Tuesday, December 16, 2014

Never Enough Patience


My patience gets worn.  It is exhausting being a mom.  It is exhausting having to constantly have answers and be on your game.  I lose my patience on a daily basis. I would like to learn how to control my reactions to my kids, which I haven’t done that yet.  I am very reactive to my kids and I hate that about myself.  I have a hard time stepping back and taking a breath before saying what needs (or in some cases doesn't need) to be said. 

However, being reactive leads to exciting things as well.  Everything is a celebration. I get super excited when they do things and I love my reaction when they share something new. You got an A on a spelling test? Jumping around the kitchen! You were on purple at school? Ice cream! You mastered your round off? Mom will do one too! You scored in your game?
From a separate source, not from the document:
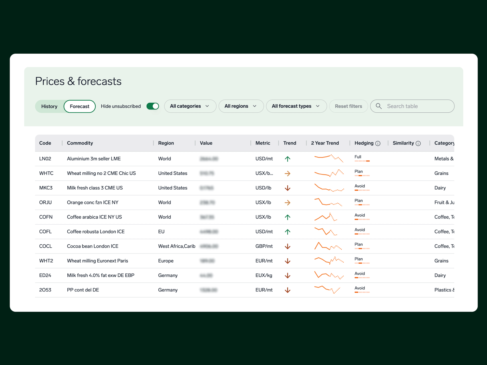 See what’s coming — and know how to act. Expana’s prescriptive commodity price forecasts go beyond price projections, showing you the drivers behind market shifts and what they mean for your costs. By anticipating pressures up to 3 years ahead, your team can plan budgets, adjust sourcing strategies, and negotiate with confidence in volatile markets.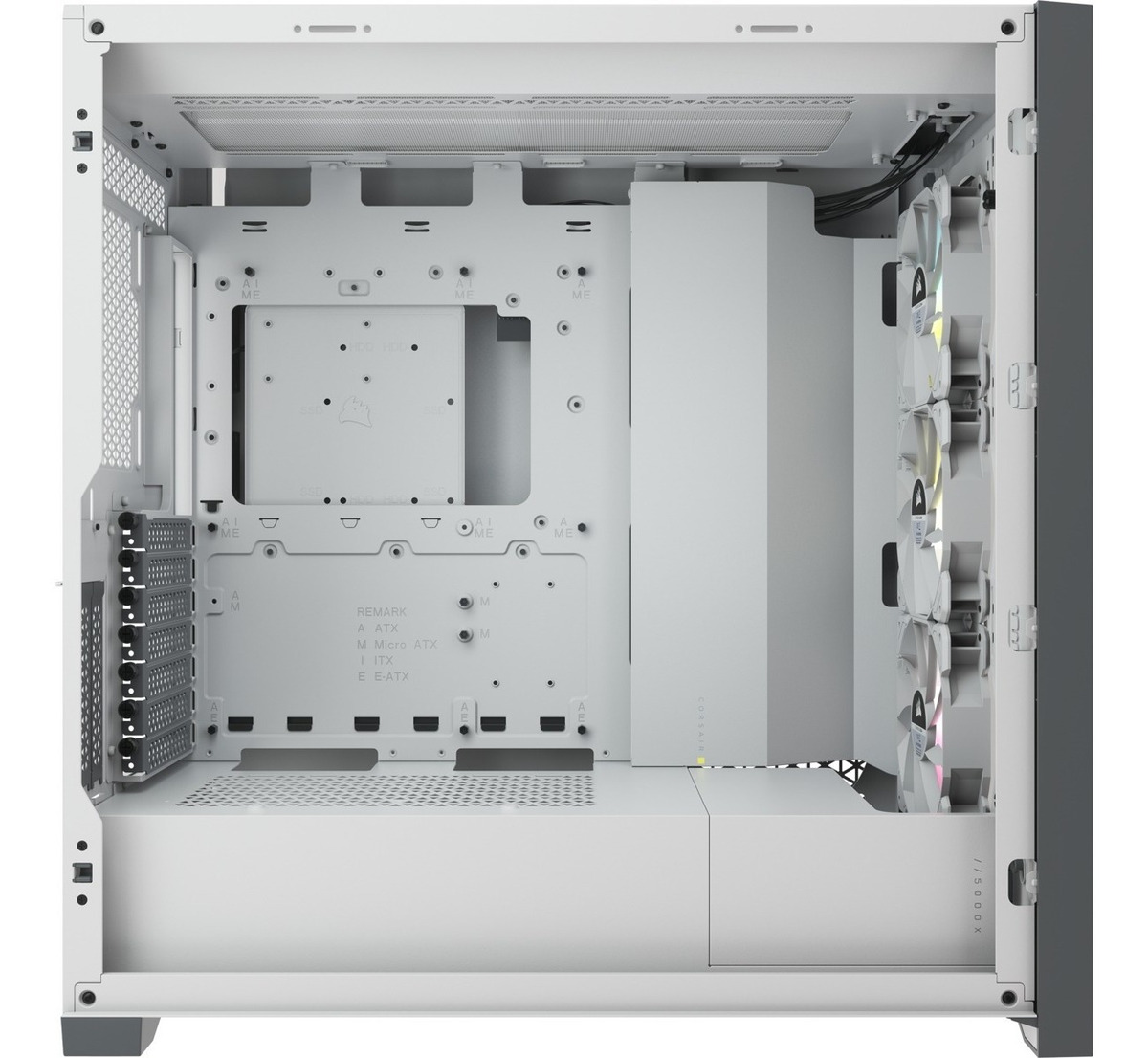 El CORSAIR iCUE 5000X RGB es un chasis semitorre ATX que deja ver el PC y no sus cables. Cuatro paneles increíbles de cristal templado y tres ventiladores CORSAIR SP RGB ELITE que exponen su PC.

I am screaming on the sidelines.  Everything is a big deal, which means when things aren’t always sugar and spice that is a big deal too. 

I don’t handle not listening well.  It is the kryptonite that leads to some ugly things in my house.  My kids have the world’s most magical selective hearing.  They don’t hear me say put your shoes on or brush your teeth, but they can hear me unwrap a candy bar from a different room. It is truly a gift of theirs.

I lose my patience with them daily.  Luckily for me we are forgiving people. I forgive them for never listening and they forgive me for being “mean.”

I wonder at what point will they actually start to follow directions.  I wonder if I have done something wrong as their mother along the way.  I wonder if  it is me that has made them think they don’t have to listen when I speak.  The other thing I have noticed as a mom is it is really hard to forgive yourself when you overreact to something.  We never want our kids to be sad and when we are the one responsible for them being sad it is painful.  Forgiveness is key on both ends. 

I wouldn’t trade being a mom for anything in the world, I have learned more about myself than I ever knew possible.  The love these kids have given me is unexplainable. 

I am thankful for children that are loving and accepting.  I am thankful for new starts to each day.  I am thankful for friends and a husband that can talk me off a ledge any day of the week.